Data structures could be described as trees. Some are by nature treeish, like XML documents, LDAP directories or filesystem directory trees, while others can be treated that way.

Furthermore, python has elegant ways for customizing all sorts of datamodel related APIs. The dictionary container type fits almost completely the purpose of representing a node of a tree. The same API is also described in zope.interface.common.mapping.IFullMapping. Additionaly a node must provide hierarchy information.
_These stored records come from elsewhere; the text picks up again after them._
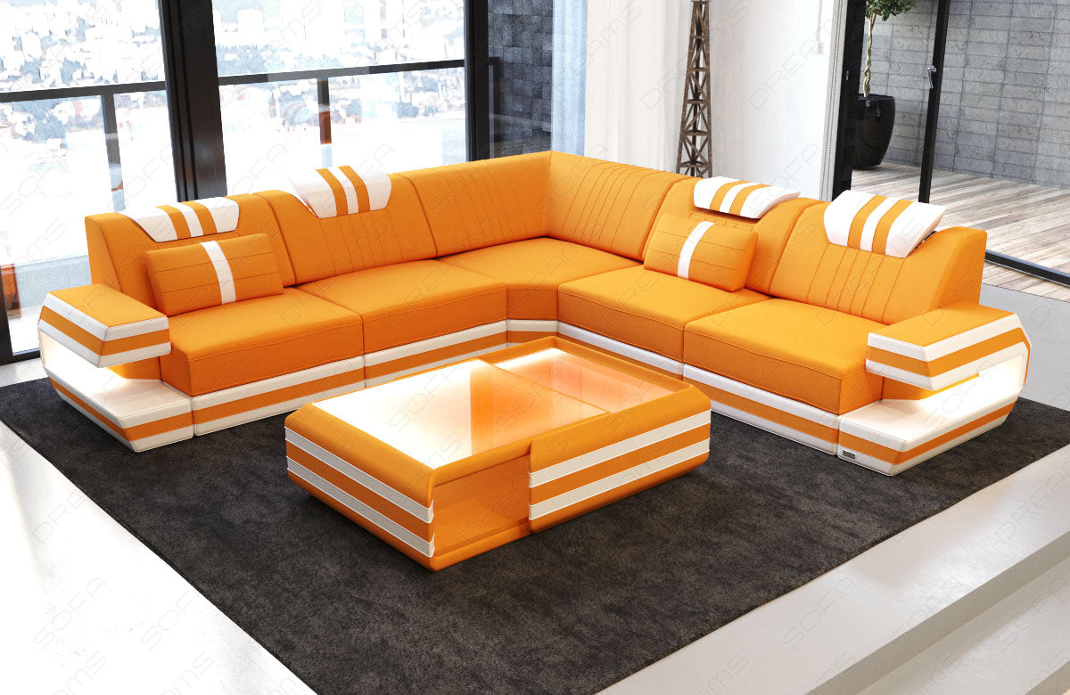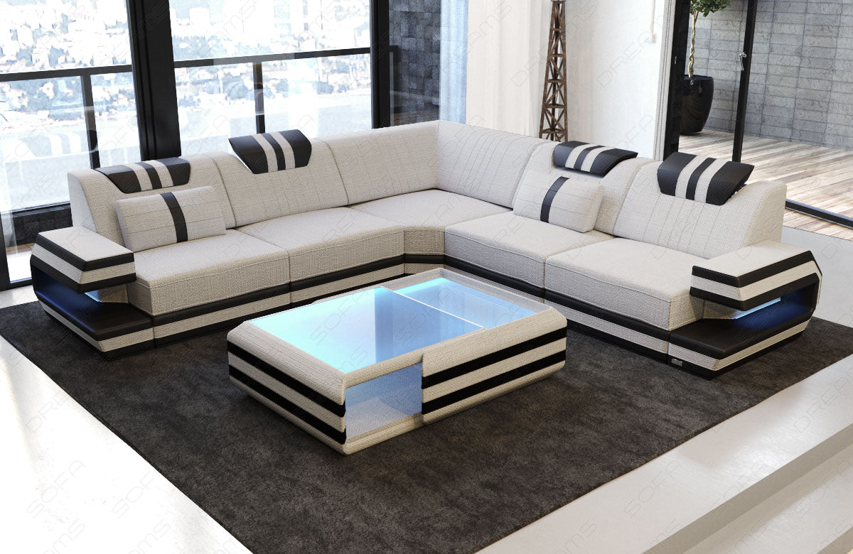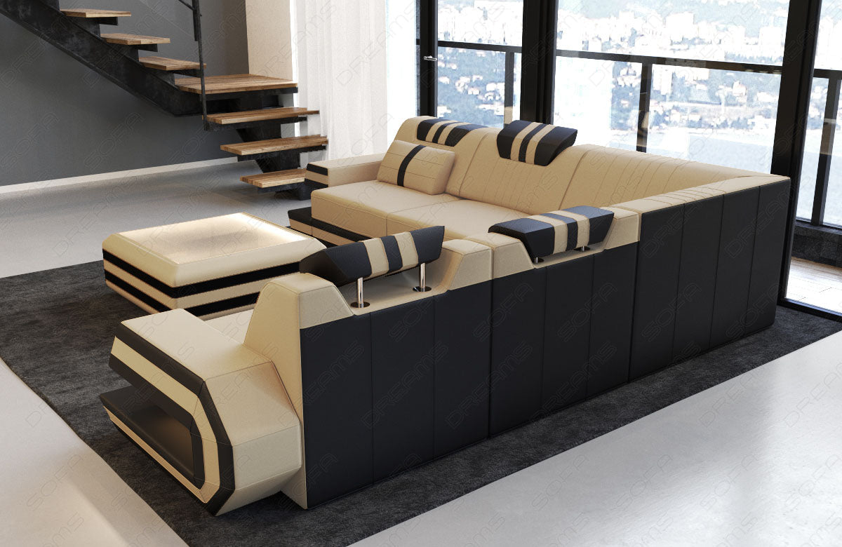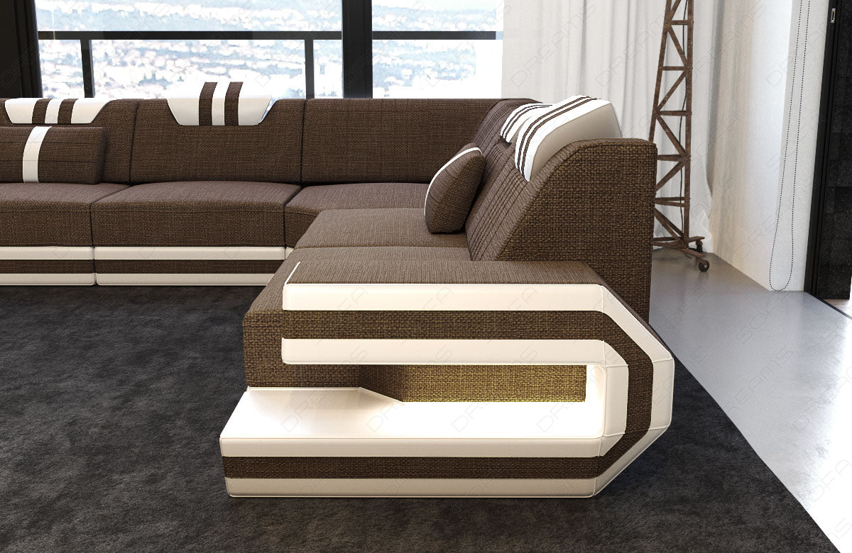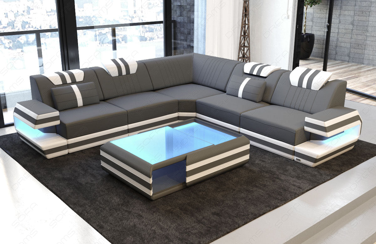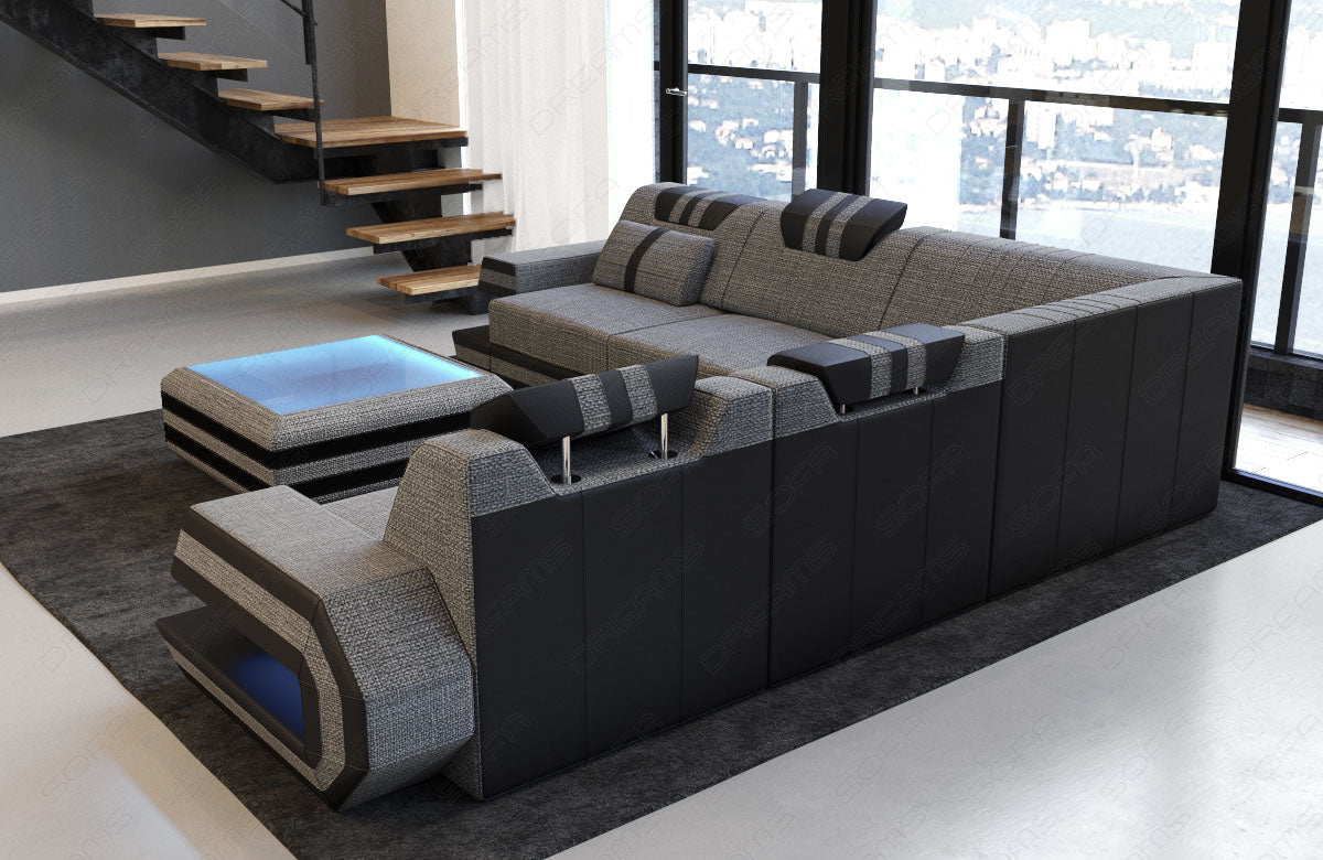 The Devolo corner couch meets modern standards in every respect. While the unusually shaped armrest and trendy striped design attract attention, the living area also offers many practical extras. These include color-changing LED lighting on both sides. The storage space integrated into the frame and the Elegance high-gloss shelves offer space for things you always want to have close at hand. Opt for additional features such as the recliner function, an additional box with cooling cup holders, or a USB port.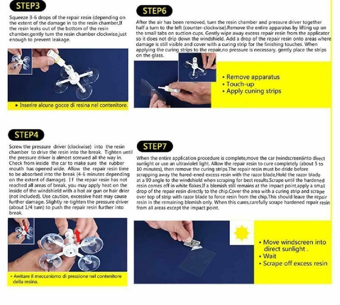 Saves Time And Money By Repairing Chips And Cracks Quickly And Easily Rain-X Windshield Repair Kit Helps You Minimize The Appearance And Stop The Spread Of Chips And Cracks In Your Windshield. It Removes Air From The Break, Fills It With Durable Resin And Makes It Even Stronger Than Before. For Best Results, Repairs Should Be Made As Soon As Possible After The Damage Occurs And Before The Break Is Contaminated By Dirt Or Water. The Kit Works Best On Round Damage Not More Than One Inch In Diameter, And Cracks Not Longer Than 12 Inches. It Will Not Repair Damage To More Than One Layer Of Glass. Kit Components: 1 Gram Bottle Of Resin Repair Device Curing Strips Sleeved Razor Blade Instruction Sheet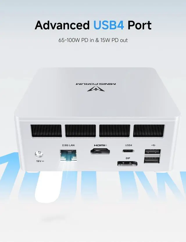 This configuration ensures smooth operation of demanding applications, effortless handling of large media libraries and capable gaming performance - all without storage-related compromises. ^^ Extensive ConnectivityThis Mini PC equipped with 1x DP 1.4 Port, 1x HDMI 2.1 Port, 2x USB 3.2 Port, 2x USB 2.0 Port, 1x USB4 Port, 1x 2.5G Lan Port, 1x 3.5 mm audio jack, 2x DDR5 SODIMM Slot, 1x M. 2 2280 PCIe 4.0 SSD Slot, which offers extensive connectivity options for various peripherals and external devices. ^^ What's in Package1x UM750L Slim Mini PC, 1x HDMI cable, 1x US Power Adapter, 1x Manual.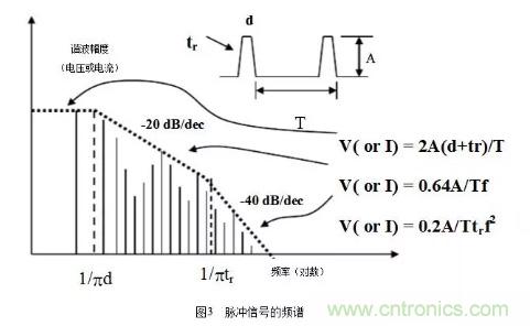 在EMC中,除了基本頻率外,還需考慮諧波因素,通常取十倍頻,但在數(shù)字電路中卻有些不同,比如在時鐘電路和邏輯門電路中,輻射帶寬與數(shù)字信號的上升沿或下降沿有關(guān)系,而不是數(shù)字信號的重復(fù)周期,其關(guān)系為:rtF?/1max?,其中rt是脈沖的上升沿時間。例如,典型時鐘驅(qū)動的邊沿速率是2ns,此時,maxF≈160MHz,再考慮十倍頻,則此時鐘電路可能產(chǎn)生直到1.6GHz的輻射帶寬。所以在選擇器件時要選擇慢速的邏輯器件系列,因為器件對電磁輻射貢獻的大小與工作頻率無直接關(guān)系而只取決于邊沿速率(這和從電路功能設(shè)計上選擇快速器件是矛盾的,在電路設(shè)計時需要折中考慮)。還有從器件的抗擾能力上來說,CMOS器件是最好的,因為它的噪聲容限高。從封裝上來說,BGA是最好的,因為它的引線很短。脈沖信號的頻譜如圖3所示。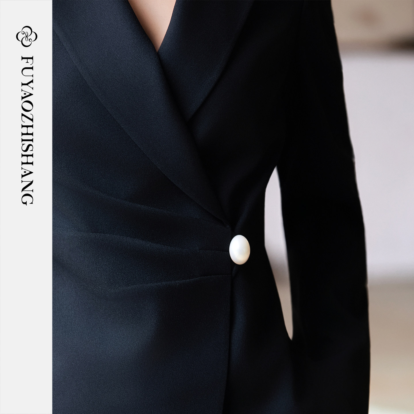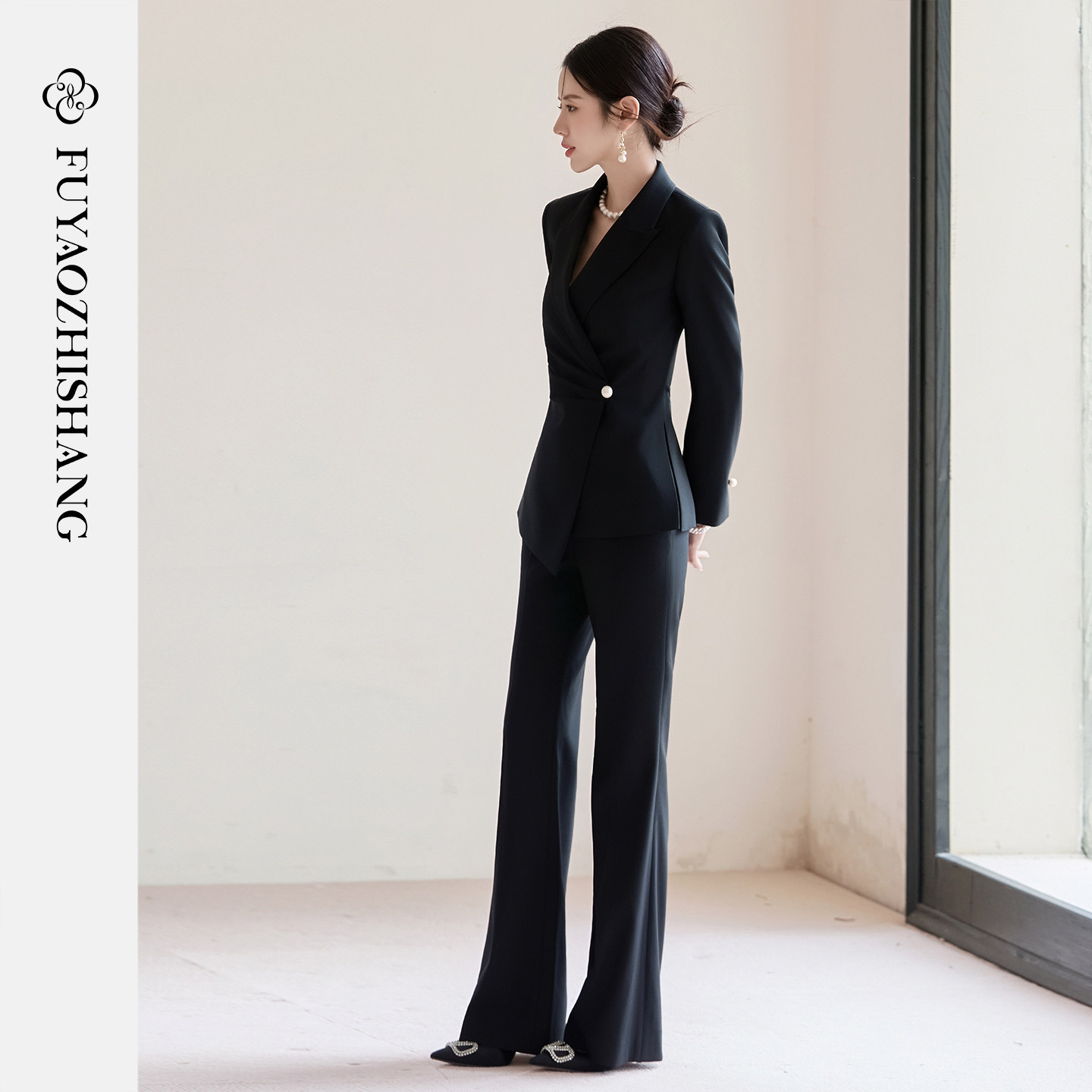 女2025秋高级感醋酸西服外套微喇裤 套装 两件套 黑色西装 FUYAO扶摇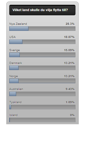 Resulatet i denna statistiskt säkerstälda undersökning (OBS ironi) går till Nya Zeeland. Kanske inte så oväntat då Nya Zeeland har en fantastisk natur, låg kriminalitet och är lite likt Sverige på många sätt. Det är lite som en fusion mellan Sverige på 80-talet/Norge och Storbritannien. Lite oväntat är att Australien är mindre populärt.
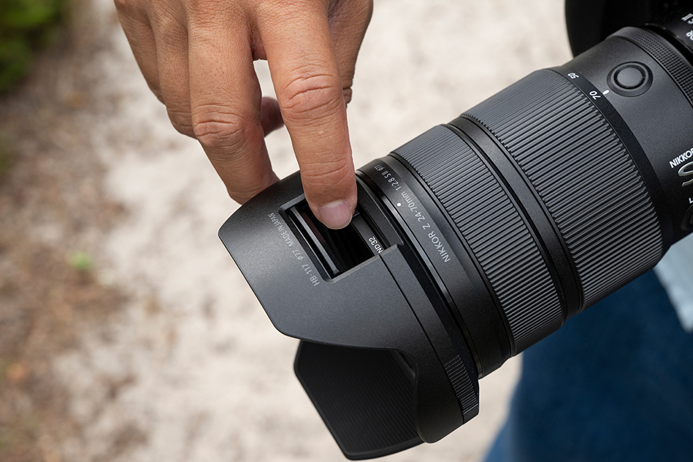 尼克尔 Z 24-70mm f/2.8 S II采用常见的77mm滤镜口径,支持安装多种滤镜。该口径与尼克尔Z 70-200mm f/2.8 S一致,不同镜头可共用滤镜。镜头遮光罩配备滤镜调节窗,方便调节减光滤镜及其他旋转滤镜,无需拆卸遮光罩。遮光罩可根据需求安装,调节窗可置于顶部或底部,灵活方便。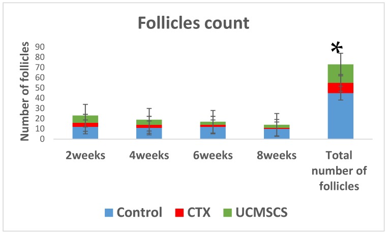 但總的來(lái)說(shuō),臍帶血間充質(zhì)干細(xì)胞 (UCMSCs) 中的卵泡計(jì)數(shù)) 綠色組在CTX組中顯著增加 (* p<0.05)。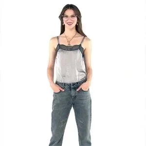 Stylish chemise with black lace trim. Comfortable and elegant design.
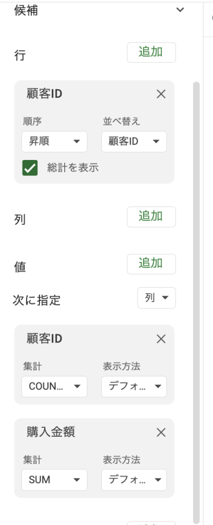 - 値に [顧客ID(個数)] と [お買い上げ金額(合計)] を入れる。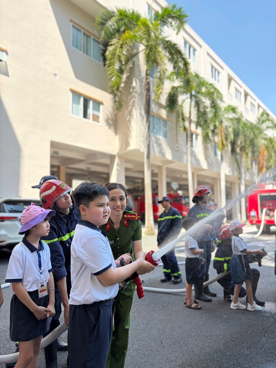 CBCS Phòng CS PCCC & CNCH hướng dẫn các em học sinh Trường mầm non Sao Khuê sử dụng lăng, vòi chữa cháy.

In this case the contract of zope.location.interfaces.ILocation is used.

Having data structures as such trees has some advantages:

  • Unified data access API to different data models and/or sources
  • Trees are traversable in both directions
  • Once in memory, node trees are fast to deal with
  • Software working on node trees may not need to know about internal data structures, as long as the node tree implementation provides the correct interface contracts


node ships with some "ready-to-import-and-use" nodes.

An unordered node. This can be used as base for trees where order of items doesn't matter:

>>> from node.base import BaseNode
>>> root = BaseNode(name='root')
>>> root['child'] = BaseNode()
>>> root.printtree()
<class 'node.base.BaseNode'>: root
  <class 'node.base.BaseNode'>: child

An ordered node. The order of items is preserved:

>>> from node.base import OrderedNode
>>> root = OrderedNode(name='orderedroot')
>>> root['foo'] = OrderedNode()
>>> root['bar'] = OrderedNode()
>>> root.printtree()
<class 'node.base.OrderedNode'>: orderedroot
  <class 'node.base.OrderedNode'>: foo
  <class 'node.base.OrderedNode'>: bar

>>> root.items()
[('foo', <OrderedNode object 'foo' at ...>),
('bar', <OrderedNode object 'bar' at ...>)]

A full API description of the node interface can be found at node.interfaces.INode.

A more fine granular control of node functionality

node utilizes the plumber package.

Thus, different behaviors of nodes are provided by plumbing behaviors. Read the documentation of plumber for details about the plumbing system:

>>> from plumber import plumbing
>>> from node.behaviors import (
...     Nodespaces,
...     Attributes,
...     Lifecycle,
...     NodeChildValidate,
...     Adopt,
...     DefaultInit,
...     Nodify,
...     OdictStorage,
... )

>>> @plumbing(
...     Nodespaces,
...     Attributes,
...     Lifecycle,
...     NodeChildValidate,
...     Adopt,
...     DefaultInit,
...     Nodify,
...     OdictStorage)
... class CustomNode(object):
...     pass

>>> dir(CustomNode)
['__class__', '__contains__', '__delattr__', '__delitem__',
'__dict__', '__doc__', '__format__', '__getattribute__',
'__getitem__', '__hash__', '__implemented__', '__init__',
'__iter__', '__len__', '__module__', '__name__',
'__new__', '__nonzero__', '__parent__', '__plumbing__',
'__plumbing_stacks__', '__provides__', '__reduce__',
'__reduce_ex__', '__repr__', '__setattr__', '__setitem__',
'__sizeof__', '__str__', '__subclasshook__', '__weakref__',
'_nodespaces', '_notify_suppress', 'acquire', 'allow_non_node_childs',
'attribute_access_for_attrs', 'attributes', 'attributes_factory',
'attrs', 'clear', 'copy', 'deepcopy', 'detach', 'events', 'filtereditems',
'filtereditervalues', 'filteredvalues', 'get', 'has_key', 'items',
'iteritems', 'iterkeys', 'itervalues', 'keys', 'name', 'noderepr',
'nodespaces', 'parent', 'path', 'pop', 'popitem', 'printtree',
'root', 'setdefault', 'storage', 'update', 'values']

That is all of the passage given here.